Старый завод на трех полянах было признано целесообразным пока не эвакуировать, а строить с нуля еще три — один в горах и два в лесу, в десяти и двадцати переходах от пустоши. Добыча руд идет по- прежнему плохо, но на самое насущное металла пока хватает. «Не подлежащий восстановлению» мартен все-таки восстановлен, перебрали по кирпичику, и есть мысли о том, как повысить его производительность. Аверс-Реверс полностью переключился на изготовление инструмента и деталей станков. Не-ет, второго «Разъяренного Дракона» мы строить не будем, достаточно наигрались в наглядную агитацию, теперь придумано кое-что получше…
Зоны очистки в других частях Простора продолжают расширяться с прежней скоростью. Парисом, Кирей-ном и Умнейшим, от имени Леона, написан и разослан по эстафете призыв не расходовать зря жизни людей на бесплодные попытки остановить очистку повсеместно, а организовать единую крепкую зону обороны с Леоном Великим Стрелком во главе. Размножена и разослана сага о Рукотворном Звере, написанная Кирейном, а заодно несколько песен и баллад. Сказителю отдан дом, куда проведена специальная кишка от ближайшего источника Тихой Радости. Теперь в дни творческого кризиса сказителя достаточно пережать кишку — и кризис как рукой снимает.

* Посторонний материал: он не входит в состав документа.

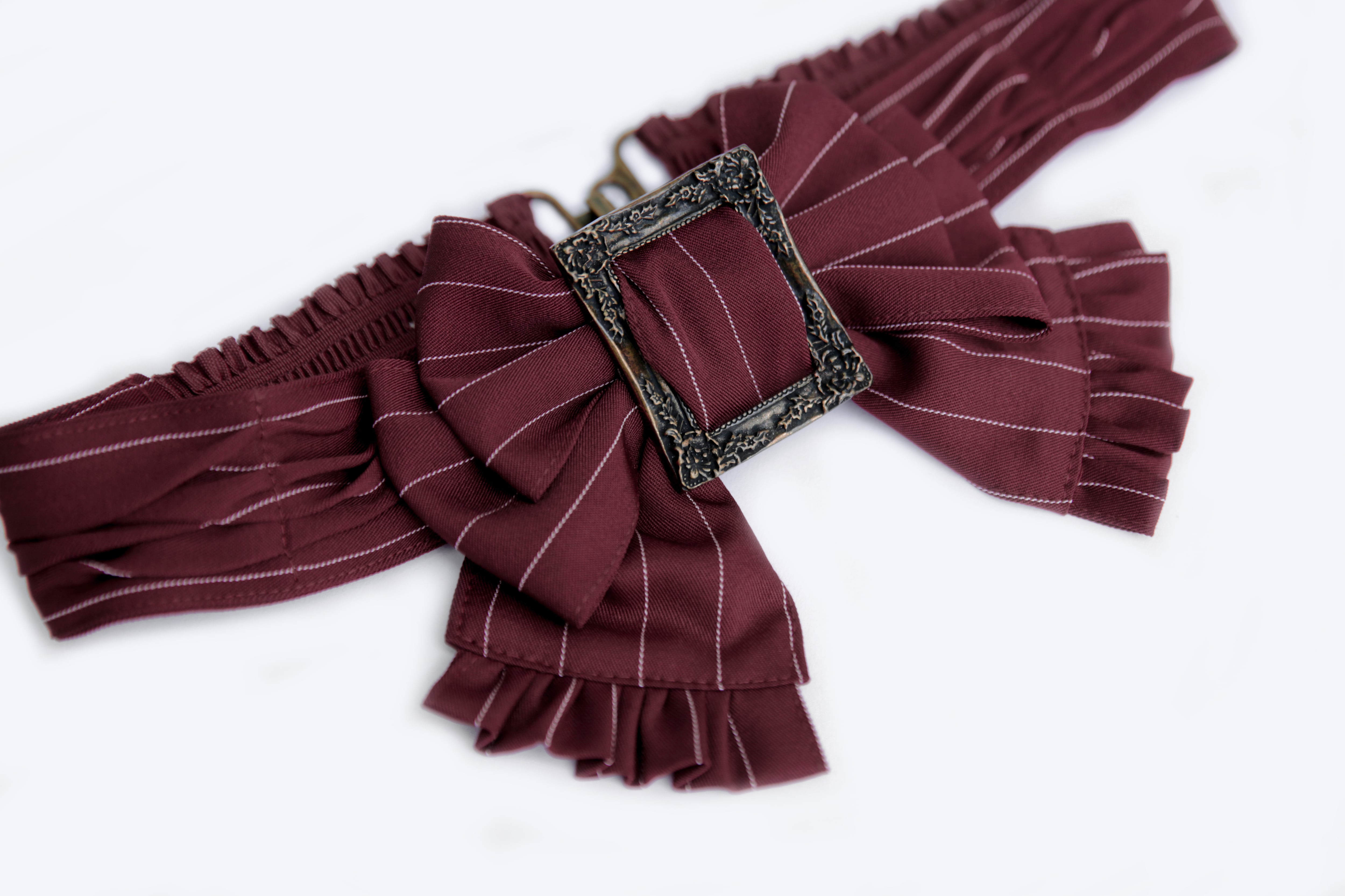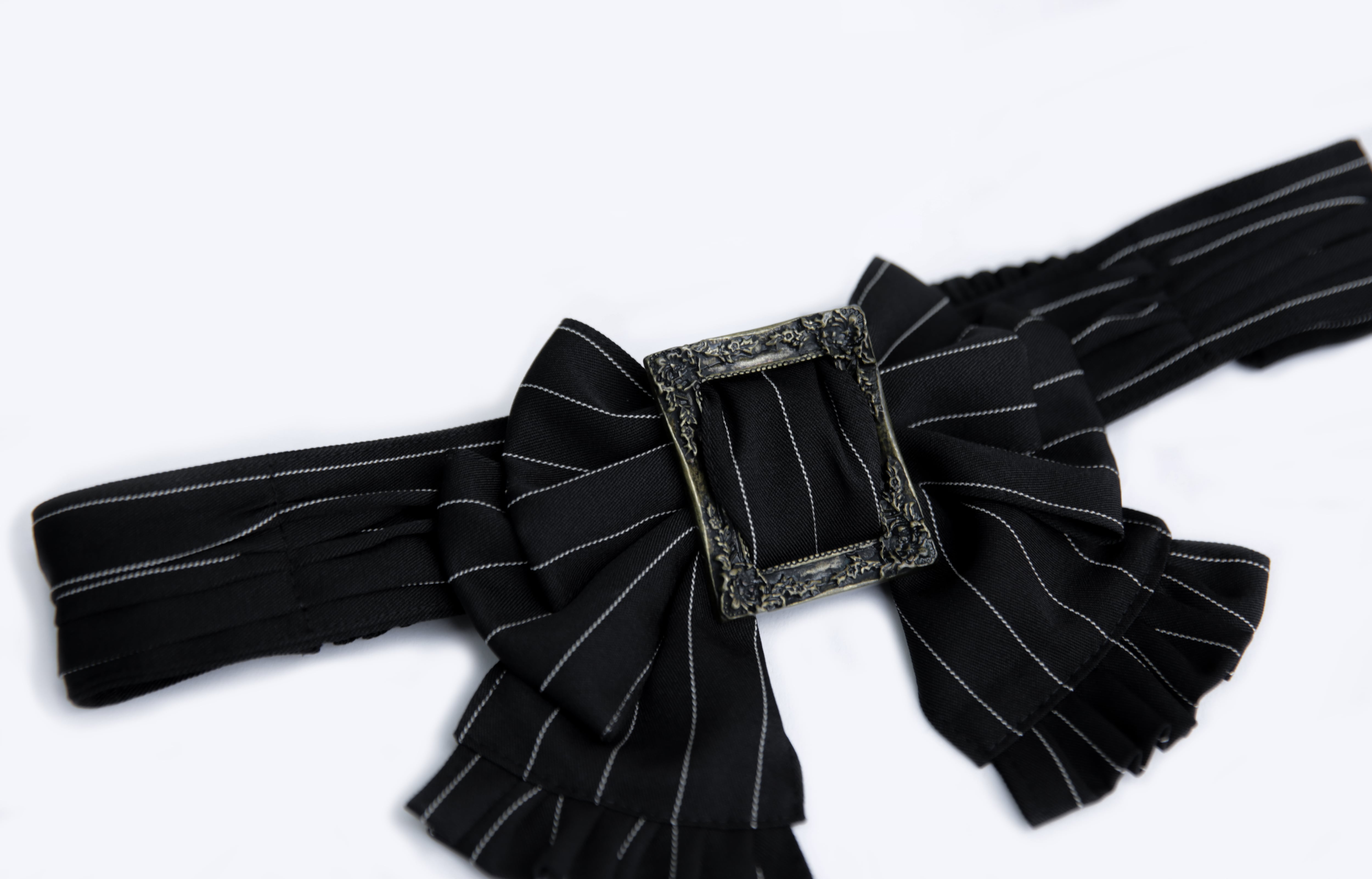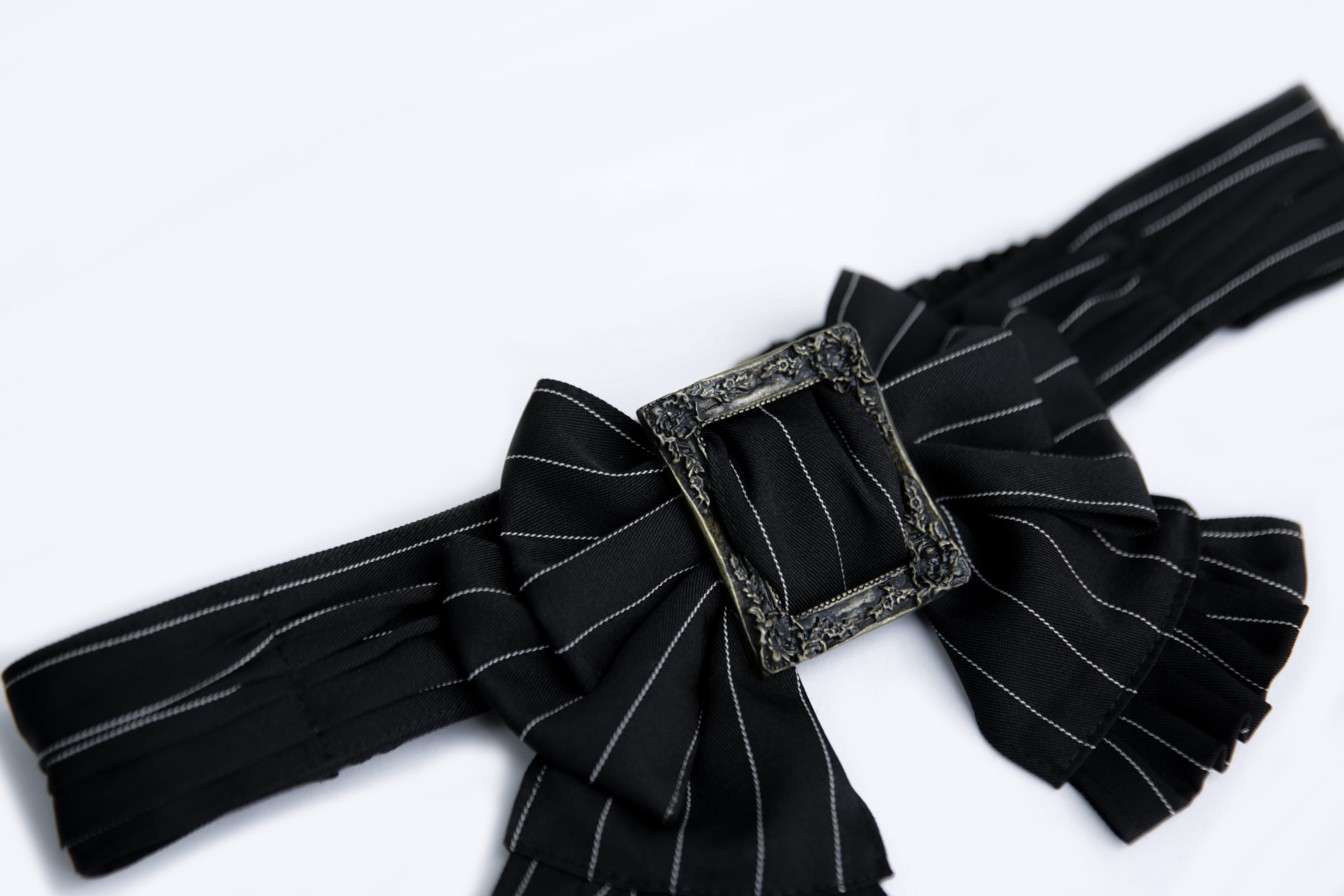 クラシカルなストライプ柄のリボンベルト。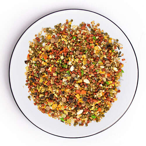 Bitkisel press pellet (Yonca, Maydanoz yaprağı, Geyik Boynuzu, Karahindiba, Havuç, Elma, Yabani Havuç, Sarı papatya, Çilek yaprağı), Mısır, Mısır patlağı, Buğday, Yulaf, Çavdar, Aspir, Çizgili çekirdek, Beyaz çekirdek, Kabak çekirdeği, Keçiboynuzu, Havuç, Bezelye, Kurutulmuş brokoli, Fıstık, Pastacılık ürünleri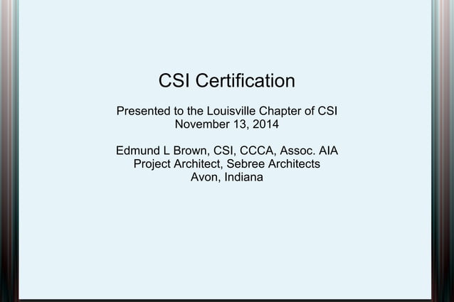 Spring CSI Certification Exams January 18 2018 Indianapolis
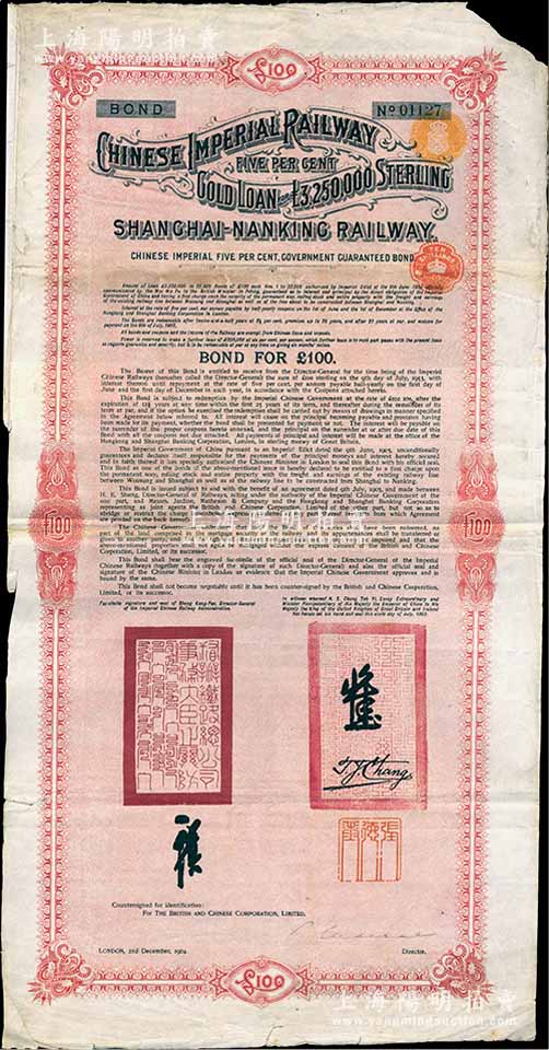 1904年大清帝国政府对外发行沪宁(上海至南京)铁路债券100英镑,由伦敦中英公司(British & Chinese Co. Ltd.)代理发行,上有铁路大臣盛宣怀和驻英公使张德彝之关防和签押;海外藏家出品,七五成新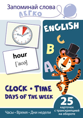 Запоминай слова легко. Часы, время, дни недели. 25 карточек с транскрипцией на обороте.

Беженцы из отдаленных районов уже прибывают во множестве, а будет еще больше. Все деревни в округе забиты ими до отказа, и возле заводов строятся лагеря на вырубленных полянах. Добровольцев из числа беженцев сколько угодно, так и рвутся в бой, и каждому олуху надо популярно объяснять, что прежде драки надо сделать то, чем дерутся, — а в итоге на тяжелых и сложных работах людей как не хватало, так по-прежнему и не хватает. Пришли кое-какие старые знакомые — Брюхо-ногий Полидевк, например. Глуп, конечно, и нет особой надежды, что поумнеет, зато распорядителен и вдобавок полицейский — годится распределять потоки беженцев, кого куда. Уже этим занимается. А Аконтий — помнишь кузнеца из Города? — взял на себя всю металлургию, подобрал себе команду из толковых ремесленников и быстро освоился, Аверс-Реверса только побаивается… Да! — твоя жена с пасынками тоже добралась. Хочешь ее увидеть?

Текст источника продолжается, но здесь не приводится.